Ejercicios para la grasa de la parte alta del abdomen

Perder la grasa de la parte superior del cuerpo puede desafiar incluso al más laborioso atleta, pero es más fácil de perder de lo que piensas. Una combinación de dieta y ejercicio para perder el peso en general es la única manera de adelgazar la parte media, la reducción por zonas no existe. Y mientras la vanidad lleva a muchas adictos a la televisión a dejar de lado el control remoto y dirigirse al gimnasio, la eliminación de la grasa visceral mortal escondida bajo esa rueda de repuesto debe tener prioridad. Recubre los órganos internos, lo que provoca la inflamación que contribuye a la enfermedad cardíaca, diabetes tipo 2 y cáncer de colon.

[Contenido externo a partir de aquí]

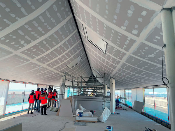 En plus d’un rendu esthétique irréprochable, le plafond devait aussi répondre à des performances d’absorption acoustique, puisque trois des quatre parois du bâtiment sont entièrement vitrées, dans le but d’offrir aux visiteurs une vue panoramique sur les coteaux de Saint-Émilion depuis le domaine situé en surplomb. Pour répondre à cette exigence, les plaques de plâtre de 6 mm ont été recouvertes de panneaux en laine minérale, eux-mêmes striés et cintrés, puis recouverts d’un enduit à base de billes de verre agglomérées, avec une structure poreuse, l’ensemble de ce complexe garantissant les performances acoustiques attendues, de façon parfaitement invisible.
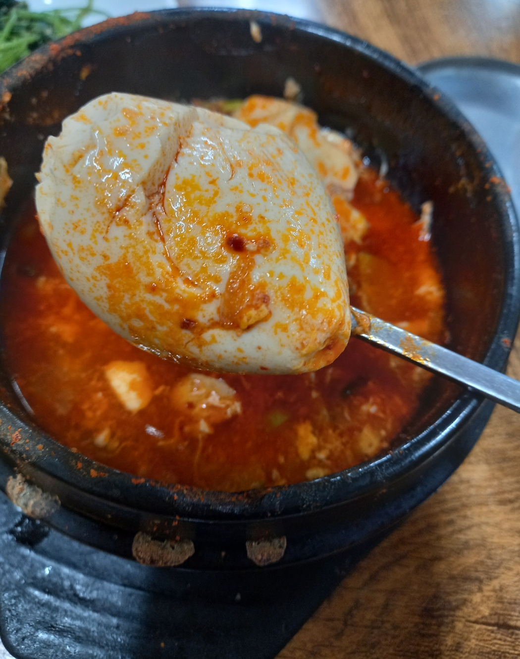 부침개를 먹고있다보니 주문한 순두부찌개가 나왔습니다.
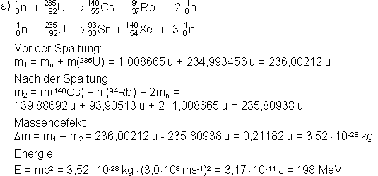 2 a) Die angegebene Reaktionsgleichung einer Kernspaltung von U-235 durch Neutronenbeschuss ist nur eine der möglichen Spaltreaktionen. Bei zwei anderen entstehen als Bruchkerne zum einen Cs-140 und Rb-94 und zum anderen Sr-93 und Xe-140.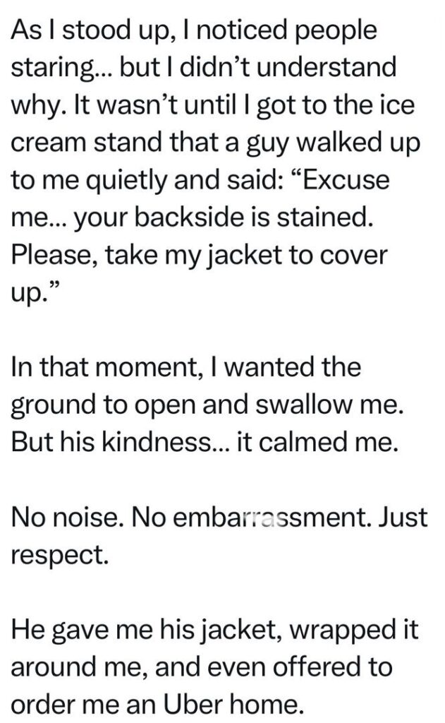 The lady could hardly contain how embarrassed she felt, but the guy’s kindness calmed her. He wrapped his jacket around her and offered to pay for her ride home.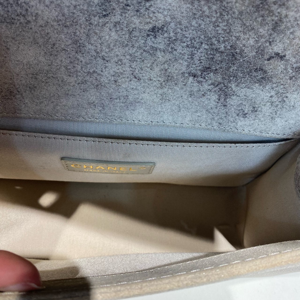 The hardware is finished in an antique gold-tone, complementing the distressed aesthetic of the suede. It includes the prominent Boy Chanel push-lock mechanism, which is fully functional, and the iconic chain-link strap interwoven with a matching suede shoulder pad. The hardware shows general signs of use, including some dulling and minor surface scratches, but no significant damage or missing components.

Deshazte de la llanta con cardio

El ejercicio aeróbico derrite la grasa de inmediato, y el entrenamiento con peso desarrolla músculo. Primero necesitas perder peso antes de que seas capaz de ver los músculos abdominales. Conduce una bicicleta, trota, toma una caminata rápida o ve a nadar. La clave para perder peso en general, incluyendo la región de la parte alta del abdomen es trabajar regularmente con tu zona de frecuencia cardiaca, también conocida como zona quema grasas.

Mide tu máximo

Determinar tu frecuencia cardiaca máxima (FCM), es una de las mejores maneras de controlar los entrenamientos para mejores resultados. Enfócate en las zonas de frecuencia cardiaca expresadas como porcentaje que se calculan en base a tu FCM para tu edad de manera que tú o tu entrenador puedan realizarte un plan de entrenamiento para la pérdida de peso. Encuentra tu FCM estimada restando tu edad a 220 si eres hombre, y restando tu edad a 226 si eres mujer. Por ejemplo, un hombre de 45 años tiene una FCM estimada de 175 latidos por minuto.

Trabaja en la zona

Quemarás grasa cuando te ejercites dentro del 65 y el 75% de tu FCM. Para el hombre de 45 años de edad, eso significa que necesitará mantener su ritmo cardiaco dentro de 114 a 131 latidos por minuto para una pérdida de peso general, incluyendo la grasa de esa parte del abdomen. Una vez que te encuentres en tu zona de quema de grasa, permanece ahí por al menos 12 minutos para quemar grasa a una mayor velocidad.

Impúlsalo

Un metabolismo rápido quema la grasa más rápida que uno lento. Aumenta la pérdida de grasa abdominal con un programa de entrenamiento de resistencia que construya músculo magro. Los músculos magros queman calorías incluso cuando estás descansando, lo que ayuda a mantener tus metas de pérdida de peso con esfuerzos aeróbicos. De acuerdo con Pennsylvania State University, un programa básico de entrenamiento de resistencia para ayudar a quemar la grasa y realizado cada tercer día, debería incluir prensa de banco (bench press), pull downs, prensa militar (military presses) y sentadillas (squats) donde normalmente añades peso.

Deja la basura

Los azúcares refinados y carbohidratos terminan almacenados donde no te conviene. Los carbohidratos complejos, como frutas frescas, vegetales y granos enteros satisfacen el hambre y mantienen balanceado al cortisol, la hormona del estrés. Las altas repentinas en la glucosa sanguínea por alimentos de alto índice glicémico, incluidos los alimentos procesados con azúcar e ingredientes artificiales, liberan cortisol y aumentan libras. Así que además del ejercicio aeróbico regular y el entrenamiento de resistencia, asegúrate de ejercitar un buen juicio con tu alimentación.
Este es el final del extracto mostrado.